American political scientist (born 1967)

Daniel Paul Carpenter (born April 19, 1967) is an American political scientist serving as Allie S. Freed Professor of Government at Harvard University. He is a fellow of the National Academy of Public Administration. As of 2026, he is also chair of the government department in the Harvard Faculty of Arts and Sciences.

Carpenter was born in Milwaukee, Wisconsin, on April 19, 1967. He graduated from Elk Rapids High School in Michigan before attending Georgetown University, earning his B.A. degree in government in 1989, and later received an M.A. degree and Ph.D. degree in political science from the University of Chicago, where he was advised by John F. Padgett. His doctorate was received in 1996 with a dissertation titled The Evolution of Corporate Attachment and Administrative Capacity in Executive Departments, 1862–1932.

In 2021, Carpenter wrote the book Democracy by Petition: Popular Politics in Transformation, 1790–1870, which was published by Harvard University Press.

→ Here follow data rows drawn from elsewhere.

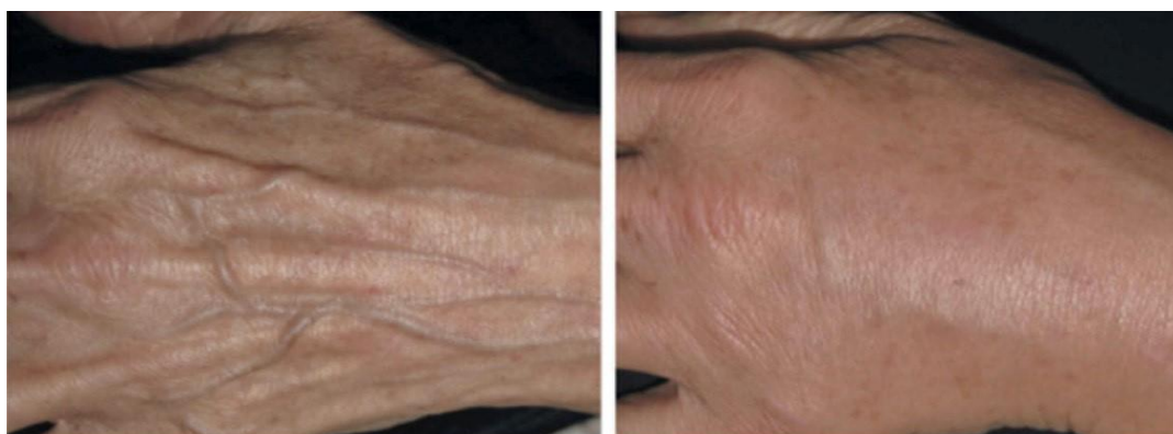
Figura 3: Efeito após o tratamento com policaprolactona nas mãos

Fonte: (Imagem extraída de: Lowe; Ghanem, 2020) 29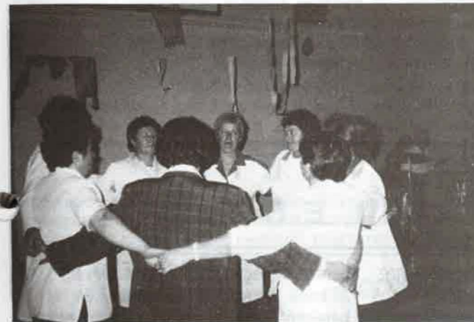
Hölgykoszorúban a konyhások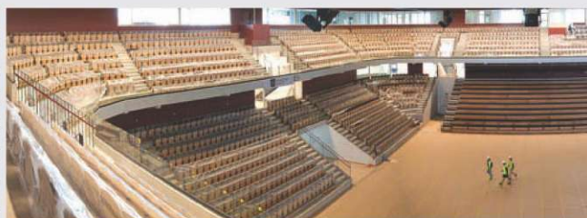
Kristianstad Arena, Švedska

Od 13. do 30. januarja 2011 bo švedsko mesto Kristianstad gostitelj tekem 22. svetovnega prvenstva v rokometu. Tudi za ta namen je mesto prenovilo staro dvorano in zgradilo novo areno. Elan Inventa je novo areno opremila s 1.820 sedeži na teleskopskih tribunah. Skupaj s fiksnimi tribunami sprejme 4.200 gledalcev. To je že druga dvorana za SP v rokometu 2011, ki jo je opremila Elan Inventa. Prva je bila Arena Malmö, kjer se bo odigrala tudi finalna tekma svetovnega prvenstva. Švedi v dvoranah ne sprejemajo cenene plastike. Kot država, katere 55% celotne površine predstavljajo gozdovi, je les prva izbira sedežnih mest. Predvsem cenijo les v naravnih, brezčasnih barvah. Udobni tapecirani leseni sedeži pa so namenjeni prav vsem gledalcem, ne samo pomembnejšem.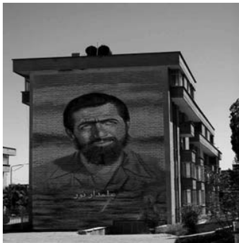
شکل ۱۵: نقاشی دیواری میدان امام زاده عبدا...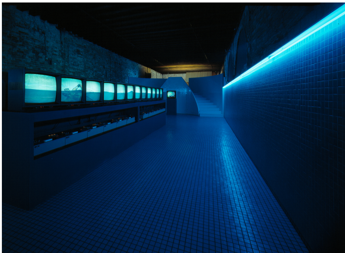
Figura 6: Studio Azzurro, Il nuotatore (va troppo spesso ad Heidelberg) , videoambiente, Palazzo Fortuny, Venezia, 1984

C'è poi un altro aspetto legato all'imprevisto, che è una forma di 'imperfezione' che dà anima a un lavoro. Lo racconta bene un aneddoto legato alla realizzazione del videoambiente Il nuotatore (va troppo spesso ad Heidelberg) (Venezia, 1984). La prima sessione di un'ora di riprese (con 12 telecamere immerse in una piscina!) fu realizzata con un nuotatore professionista. Il risultato era talmente perfetto da lasciare... insoddisfatti. Così si provò a registrare una seconda sessione con un amico appassionato di nuoto, ma non professionista. Via via che nuotava si manifestava nei gesti e nella postura del corpo il suo progressivo affaticamento, che provocava un'empatia e una percezione del tempo irraggiungibili con le riprese del professionista. Inutile aggiungere che furono scelte le riprese con la nuotata 'imperfetta'!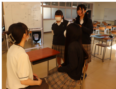
犬山ミュージック&アート フェスティバル2025 出店準備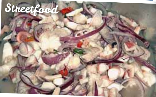
Latino Küche - vielseitig und köstlich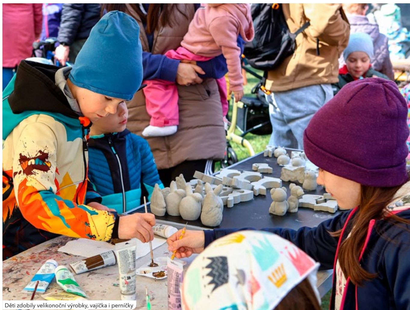
Děti zdobily velikonoční výrobky, vajíčka i perníčky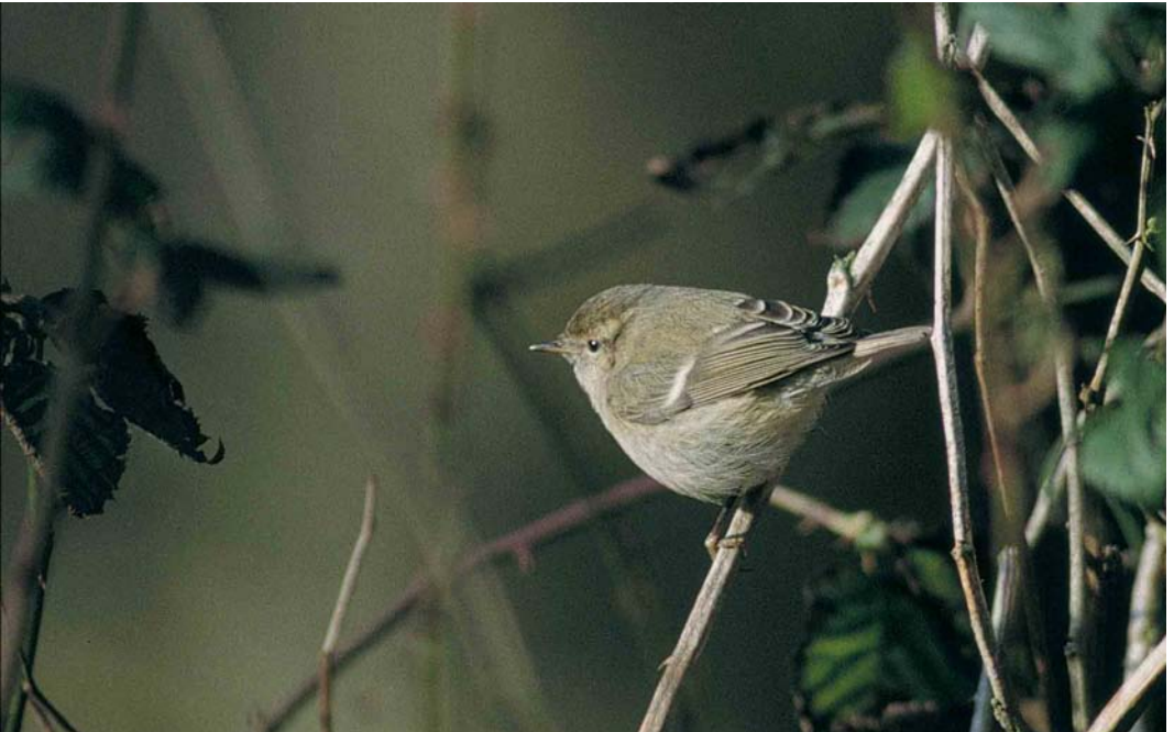
57 Humes Bladkoning / Hume's Leaf Warbler Phylloscopus humei , Jollema, Terschelling, Friesland, 15 januari 2000 (Arie Ouwerkerk)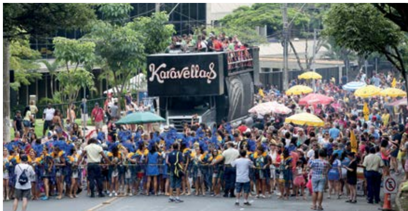
De cima do trio elétrico, a banda Saideira animou os foliões no Bloco do Minas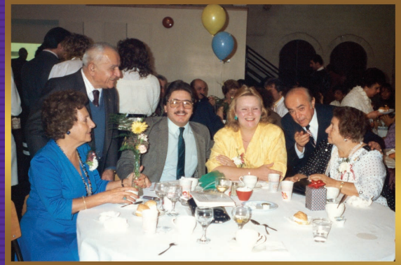
Lazarian Hall opening celebration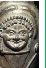
Londra, British Museum. Statua bronzea di cavaliere, V sec. a.C., da Anzi (particolare della ginocchiera con testa di Medusa)

Le numerose antichità provenienti da Anzi, ancora rintracciabili nei più importanti musei d'Italia e del mondo, rappresentano uno dei complessi archeologici più consistenti della Basilicata antica. Nell'approfondimento digitale dedicato a questo tema il visitatore potrà fare un giro del mondo virtuale alla ricerca di quei reperti, qui per la prima volta presentati in un corpus unitario.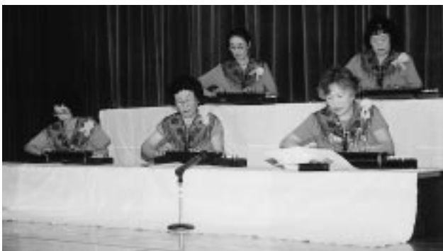
大正琴サークルによる演奏

このほか、婦人会やJAW女性部による食堂コーナーでは、うどん・そば・だまこもちなどの料理が振る舞われていました。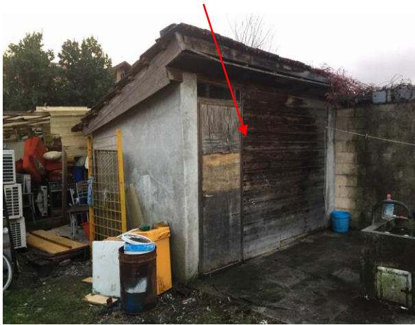
particolare adiacenza esterna ad uso ripostiglio

His book won the American Political Science Association's J. David Greenstone Prize for the best book in history and politics. A symposium reacting to the book was printed in the journal Social Science History in 2023. Introducing the symposium, Robert C. Lieberman described Democracy by Petition as "social science history at its very best".

Carpenter was given the title of Harvard College Professor in 2026 "for excellence in undergraduate teaching and for helping students 'develop their intellectual passions.